As you might have notice, we now have all these matrics, but we have a problem: We want to monitor our performance by application, and most of the data is available to us with only instanceIds (and these are not fixed, because we use ElasticBeanstalk).

Some of the data measurements, like AWS/ECS is available with clusterName tag which is a bit similar to our application name (“awseb-${appName}-rAnd0mNum”), but the AWS/EC2 instances only come with AutoscalingGroup tag, which is by not very indicative to our application names(awseb-r-x5r778aw-stack-AWSEBAutoScalingGroup-123Z3RRAFF86). So, we need to find a normal way to add the application name to both the EC2 data and the ECS data, so we could build something that makes sense.

So we’re using Kapacitor:

To add script: kapacitor define ${scriptName} -type stream -tick ${scriptFileName.tick} -dbrp kapacitor_example.autogen

To write to the db: https://docs.influxdata.com/kapacitor/v1.3//nodes/influx_d_b_out_node/

Let’s Alert!

In order to add alerts to our graphs, we first need to add Alert channels. In Grafana, go to Alerting, and add an alerting channel. The easiest one imho is the Telegram alert channel.
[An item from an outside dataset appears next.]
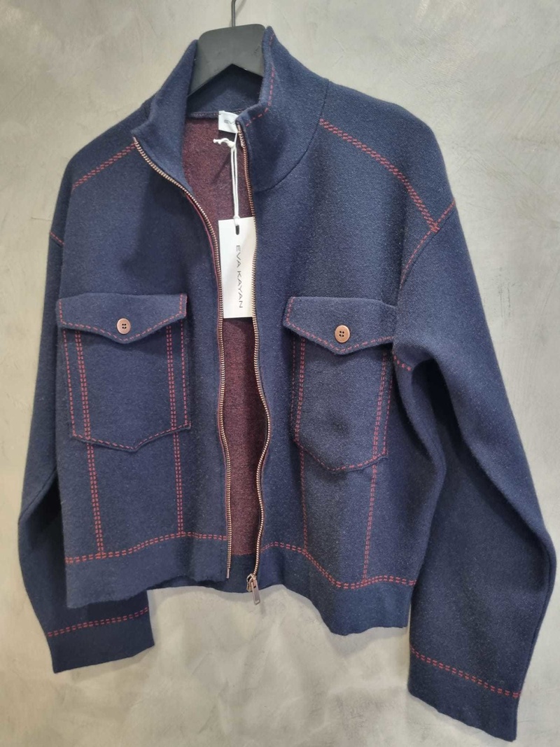 Veste courte avec un col montant et une fermeture zippée. Sa matière épaisse apportent une belle structure à la silhouette.

Just install telegram (on your local machine, and on your mobile phone), and then go to the BotFather. Create a bot according to the instructions, and after you create it, run /token. It will give you the Bot Api Token. The next thing you need is you chatId. To get that, just go to get_id_bot which will give you your Chat Id.

That’s all you need. Now you can go to one of the graphs, hit ‘Alerts’, and there ‘Notifications’

Sanities

If things don’t seem to work:

First, log in to your Grafana docker and run curl -G 'http://influxdb:8086/query?pretty=true' --data-urlencode "q=SHOW DATABASES" If the query passes, you can access influx db from the grafana docker Now run the same thing from the telegraf docke.

Also, the reason you should add “influxdb” to your hosts file is this: When we use all the dockers in the same network it means they can access each other seamlessly. However, when we open Grafana using our local browser, and try to add influxdb as a Data Source, it is all done on the client — which is the host(!) of the dockers. So, it’s doesn’t know what is “influxdb”. That’s why we add it to the hosts file.